You know where I can get the xstar vtc4?


----------



## Ricgt

Nope you are fine dude, all looks in order to me


----------



## GerhardpaulFourie

@Skobbejak, dis wragtig baie goed vir een maand but as the others said...when the bug bites its definitely not cheaper than smoking, but who can argue against health and nice goodies. Vaping is for sure one of my favourite hobbies. Cheers, enjoy and happy vaping!

Reactions: Like 1 | Agree 1


----------



## Skobbejak

Cool, tx G


----------



## Daniel

Thx I feel better now at least one more person has spent more than me last month lol

Reactions: Funny 1


----------



## Skobbejak

Lol, i think i spend over 15k in a month.... On mods and juice, maby more but dont tell the wife...lol

Reactions: Like 1 | Winner 1 | Funny 1


----------



## Daniel

sho bru , rather delete that post LOL .... hope there's a Reo in that budget ...


----------



## Andre

Daniel said:


> sho bru , rather delete that post LOL .... hope there's a Reo in that budget ...


Reo order round 3 should be closing soon.

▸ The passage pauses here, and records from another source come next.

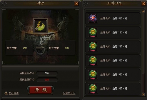 血符分为25级,等级越高的血符能够提供给角色更高的生命值加成,让你在打BOSS、PK当中不在为血少而烦恼。
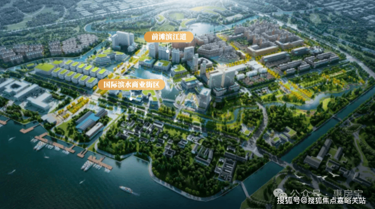 机遇4: 湾区生活体验 ——市区核心滨江罕见的湾区,通过引水入湾打造宜居社区、办公集群、公共聚场三层空间,家门口就是国际化滨水综合体;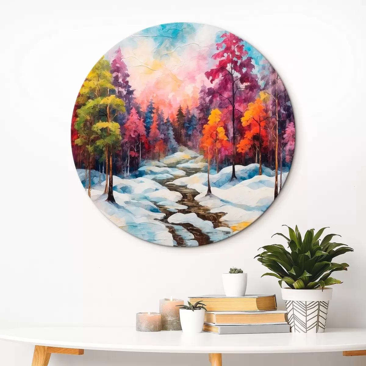 Ronde schilderijen Bos in winterstijl schilderen in aquarel Nr r42549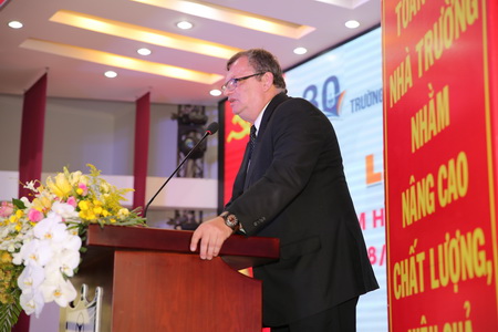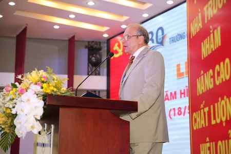 Ông Lê Ngọc Văn chúc mừng Nhà trường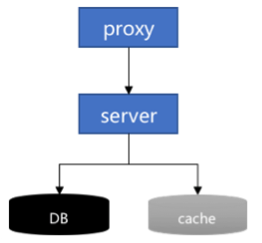 该系统由接入层、逻辑服务层、存储层与缓存构成。Proxy处理请求接入,Server承载主要的业务逻辑,Cache用于缓存库存数量、DB则用于数据持久化。

So hurry if you want before Xmas! http://www.ecigssa.co.za/threads/reo-round-3.7112/


----------



## Daniel

Andre said:


> Reo order round 3 should be closing soon. So hurry if you want before Xmas! http://www.ecigssa.co.za/threads/reo-round-3.7112/



Ogh , I'm afraid the vape budget is all tapped out ... besides I think the Reo will be wasted on me I'm a very light Vaper still ....

Reactions: Like 1


----------



## ZYLOSS

Wow, dis nogals n kolleksie daar skobbejak! lekker man, lekker! Soos die res van die mense hierop se, wag tot jy RDA's begin bou en rond mee speel, dis n ander level van amazing. JY moet eendag my Wolraad Wolkemaker ontmoet!


----------